SUPPLIED INFORMATION Block Start

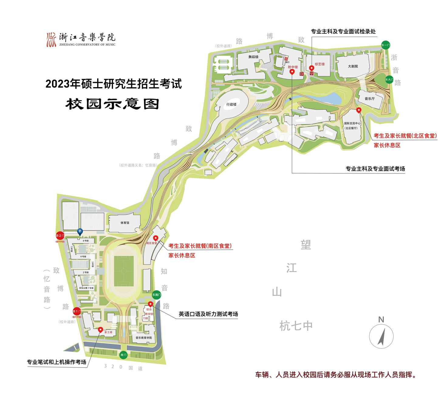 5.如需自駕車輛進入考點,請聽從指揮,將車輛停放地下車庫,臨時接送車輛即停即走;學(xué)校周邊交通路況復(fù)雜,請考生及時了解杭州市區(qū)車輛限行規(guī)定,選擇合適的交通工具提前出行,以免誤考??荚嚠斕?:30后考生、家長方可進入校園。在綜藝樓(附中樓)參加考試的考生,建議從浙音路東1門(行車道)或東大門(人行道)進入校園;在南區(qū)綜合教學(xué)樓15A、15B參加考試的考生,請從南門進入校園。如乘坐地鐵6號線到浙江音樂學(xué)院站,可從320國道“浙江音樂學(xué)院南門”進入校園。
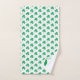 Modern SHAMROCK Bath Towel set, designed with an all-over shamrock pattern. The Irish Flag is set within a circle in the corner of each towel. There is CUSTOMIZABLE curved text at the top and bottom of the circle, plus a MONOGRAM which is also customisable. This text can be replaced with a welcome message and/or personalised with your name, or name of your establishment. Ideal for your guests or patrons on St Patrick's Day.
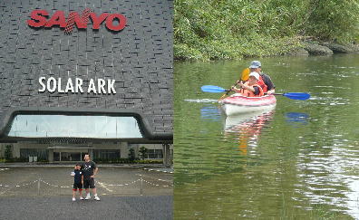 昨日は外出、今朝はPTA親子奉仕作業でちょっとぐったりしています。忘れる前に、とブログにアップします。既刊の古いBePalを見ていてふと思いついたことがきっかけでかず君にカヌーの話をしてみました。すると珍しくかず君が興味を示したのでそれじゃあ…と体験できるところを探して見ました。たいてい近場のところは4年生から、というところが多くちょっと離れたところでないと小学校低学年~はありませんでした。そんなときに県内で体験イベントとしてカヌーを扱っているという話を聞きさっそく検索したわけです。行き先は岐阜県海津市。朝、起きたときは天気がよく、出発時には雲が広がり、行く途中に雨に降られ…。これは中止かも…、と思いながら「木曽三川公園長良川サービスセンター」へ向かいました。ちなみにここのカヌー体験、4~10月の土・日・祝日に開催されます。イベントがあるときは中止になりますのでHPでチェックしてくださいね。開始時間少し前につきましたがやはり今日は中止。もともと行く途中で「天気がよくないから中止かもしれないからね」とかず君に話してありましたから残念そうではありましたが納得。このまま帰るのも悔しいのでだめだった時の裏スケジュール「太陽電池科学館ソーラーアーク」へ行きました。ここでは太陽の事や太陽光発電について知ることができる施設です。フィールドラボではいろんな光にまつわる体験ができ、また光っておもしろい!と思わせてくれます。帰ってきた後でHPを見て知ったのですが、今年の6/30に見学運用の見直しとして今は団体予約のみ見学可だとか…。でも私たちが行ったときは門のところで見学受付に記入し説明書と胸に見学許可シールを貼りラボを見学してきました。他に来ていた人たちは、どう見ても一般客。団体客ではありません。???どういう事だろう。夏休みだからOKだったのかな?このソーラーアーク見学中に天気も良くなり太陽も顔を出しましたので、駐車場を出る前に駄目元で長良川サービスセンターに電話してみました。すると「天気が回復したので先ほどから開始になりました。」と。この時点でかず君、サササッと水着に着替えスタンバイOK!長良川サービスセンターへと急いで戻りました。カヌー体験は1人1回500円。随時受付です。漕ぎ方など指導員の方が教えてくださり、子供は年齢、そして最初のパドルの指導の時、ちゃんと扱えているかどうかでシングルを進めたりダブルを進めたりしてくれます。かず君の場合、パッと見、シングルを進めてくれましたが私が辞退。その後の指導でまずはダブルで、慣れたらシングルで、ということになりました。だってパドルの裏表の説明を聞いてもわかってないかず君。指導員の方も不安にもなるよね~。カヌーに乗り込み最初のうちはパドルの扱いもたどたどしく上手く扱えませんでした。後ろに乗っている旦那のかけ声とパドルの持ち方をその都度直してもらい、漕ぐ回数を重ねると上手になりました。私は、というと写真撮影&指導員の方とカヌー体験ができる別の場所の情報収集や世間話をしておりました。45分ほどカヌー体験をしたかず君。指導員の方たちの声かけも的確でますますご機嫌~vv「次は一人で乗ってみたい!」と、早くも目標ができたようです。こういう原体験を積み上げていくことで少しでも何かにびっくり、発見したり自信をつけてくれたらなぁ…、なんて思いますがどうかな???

SUPPLIED INFORMATION Block End

(EXERCISE REQUIREMENTS): Print the listing exactly. No pictures belong in the copy.

(ANSWER BELOW):
 5.如需自駕車輛進入考點,請聽從指揮,將車輛停放地下車庫,臨時接送車輛即停即走;學(xué)校周邊交通路況復(fù)雜,請考生及時了解杭州市區(qū)車輛限行規(guī)定,選擇合適的交通工具提前出行,以免誤考??荚嚠斕?:30后考生、家長方可進入校園。在綜藝樓(附中樓)參加考試的考生,建議從浙音路東1門(行車道)或東大門(人行道)進入校園;在南區(qū)綜合教學(xué)樓15A、15B參加考試的考生,請從南門進入校園。如乘坐地鐵6號線到浙江音樂學(xué)院站,可從320國道“浙江音樂學(xué)院南門”進入校園。
 Modern SHAMROCK Bath Towel set, designed with an all-over shamrock pattern. The Irish Flag is set within a circle in the corner of each towel. There is CUSTOMIZABLE curved text at the top and bottom of the circle, plus a MONOGRAM which is also customisable. This text can be replaced with a welcome message and/or personalised with your name, or name of your establishment. Ideal for your guests or patrons on St Patrick's Day.
 昨日は外出、今朝はPTA親子奉仕作業でちょっとぐったりしています。忘れる前に、とブログにアップします。既刊の古いBePalを見ていてふと思いついたことがきっかけでかず君にカヌーの話をしてみました。すると珍しくかず君が興味を示したのでそれじゃあ…と体験できるところを探して見ました。たいてい近場のところは4年生から、というところが多くちょっと離れたところでないと小学校低学年~はありませんでした。そんなときに県内で体験イベントとしてカヌーを扱っているという話を聞きさっそく検索したわけです。行き先は岐阜県海津市。朝、起きたときは天気がよく、出発時には雲が広がり、行く途中に雨に降られ…。これは中止かも…、と思いながら「木曽三川公園長良川サービスセンター」へ向かいました。ちなみにここのカヌー体験、4~10月の土・日・祝日に開催されます。イベントがあるときは中止になりますのでHPでチェックしてくださいね。開始時間少し前につきましたがやはり今日は中止。もともと行く途中で「天気がよくないから中止かもしれないからね」とかず君に話してありましたから残念そうではありましたが納得。このまま帰るのも悔しいのでだめだった時の裏スケジュール「太陽電池科学館ソーラーアーク」へ行きました。ここでは太陽の事や太陽光発電について知ることができる施設です。フィールドラボではいろんな光にまつわる体験ができ、また光っておもしろい!と思わせてくれます。帰ってきた後でHPを見て知ったのですが、今年の6/30に見学運用の見直しとして今は団体予約のみ見学可だとか…。でも私たちが行ったときは門のところで見学受付に記入し説明書と胸に見学許可シールを貼りラボを見学してきました。他に来ていた人たちは、どう見ても一般客。団体客ではありません。???どういう事だろう。夏休みだからOKだったのかな?このソーラーアーク見学中に天気も良くなり太陽も顔を出しましたので、駐車場を出る前に駄目元で長良川サービスセンターに電話してみました。すると「天気が回復したので先ほどから開始になりました。」と。この時点でかず君、サササッと水着に着替えスタンバイOK!長良川サービスセンターへと急いで戻りました。カヌー体験は1人1回500円。随時受付です。漕ぎ方など指導員の方が教えてくださり、子供は年齢、そして最初のパドルの指導の時、ちゃんと扱えているかどうかでシングルを進めたりダブルを進めたりしてくれます。かず君の場合、パッと見、シングルを進めてくれましたが私が辞退。その後の指導でまずはダブルで、慣れたらシングルで、ということになりました。だってパドルの裏表の説明を聞いてもわかってないかず君。指導員の方も不安にもなるよね~。カヌーに乗り込み最初のうちはパドルの扱いもたどたどしく上手く扱えませんでした。後ろに乗っている旦那のかけ声とパドルの持ち方をその都度直してもらい、漕ぐ回数を重ねると上手になりました。私は、というと写真撮影&指導員の方とカヌー体験ができる別の場所の情報収集や世間話をしておりました。45分ほどカヌー体験をしたかず君。指導員の方たちの声かけも的確でますますご機嫌~vv「次は一人で乗ってみたい!」と、早くも目標ができたようです。こういう原体験を積み上げていくことで少しでも何かにびっくり、発見したり自信をつけてくれたらなぁ…、なんて思いますがどうかな???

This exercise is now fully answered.